*** Extracted records ***

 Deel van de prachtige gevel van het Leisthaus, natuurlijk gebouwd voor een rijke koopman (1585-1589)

*** End of Extracted records ***
*** Extracted records ***

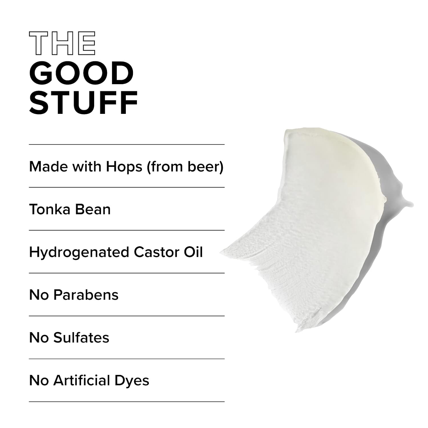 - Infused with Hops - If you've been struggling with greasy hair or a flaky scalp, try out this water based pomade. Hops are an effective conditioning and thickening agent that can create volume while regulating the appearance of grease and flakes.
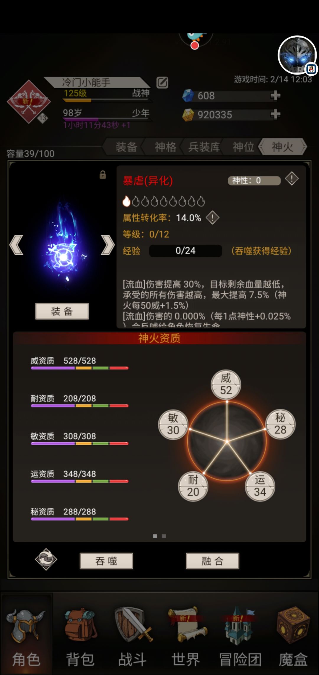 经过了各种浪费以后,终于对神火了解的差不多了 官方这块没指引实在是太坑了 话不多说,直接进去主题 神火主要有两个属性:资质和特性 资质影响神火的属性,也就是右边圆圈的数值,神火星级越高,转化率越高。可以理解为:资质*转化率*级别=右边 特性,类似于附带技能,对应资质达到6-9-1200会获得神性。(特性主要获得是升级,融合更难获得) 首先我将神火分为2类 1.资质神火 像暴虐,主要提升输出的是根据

*** End of Extracted records ***
*** Extracted records ***

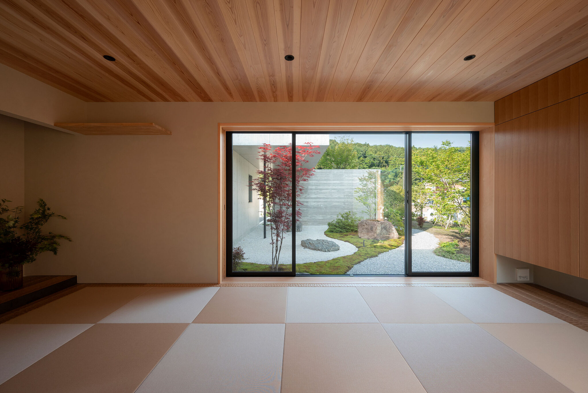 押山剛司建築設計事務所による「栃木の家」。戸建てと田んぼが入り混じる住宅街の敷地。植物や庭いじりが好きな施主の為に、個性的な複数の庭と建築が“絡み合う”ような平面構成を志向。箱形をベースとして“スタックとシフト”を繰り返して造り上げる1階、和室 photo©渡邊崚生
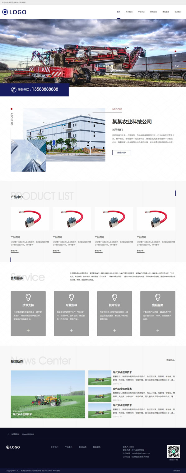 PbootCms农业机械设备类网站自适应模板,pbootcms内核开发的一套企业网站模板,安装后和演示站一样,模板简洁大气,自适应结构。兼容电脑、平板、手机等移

*** End of Extracted records ***

▶ _Task statement_:
Working from the records above, set down word for word everything from the line containing "- Infused with" down to the line containing "经过了各种浪费以后,终于对神火了解的差不多了 官方这块没指引实在是太坑了 话不多说,直接进去主题", ends included, minus the pictures.

▶ _Worked solution_:
 - Infused with Hops - If you've been struggling with greasy hair or a flaky scalp, try out this water based pomade. Hops are an effective conditioning and thickening agent that can create volume while regulating the appearance of grease and flakes.
 经过了各种浪费以后,终于对神火了解的差不多了 官方这块没指引实在是太坑了 话不多说,直接进去主题 神火主要有两个属性:资质和特性 资质影响神火的属性,也就是右边圆圈的数值,神火星级越高,转化率越高。可以理解为:资质*转化率*级别=右边 特性,类似于附带技能,对应资质达到6-9-1200会获得神性。(特性主要获得是升级,融合更难获得) 首先我将神火分为2类 1.资质神火 像暴虐,主要提升输出的是根据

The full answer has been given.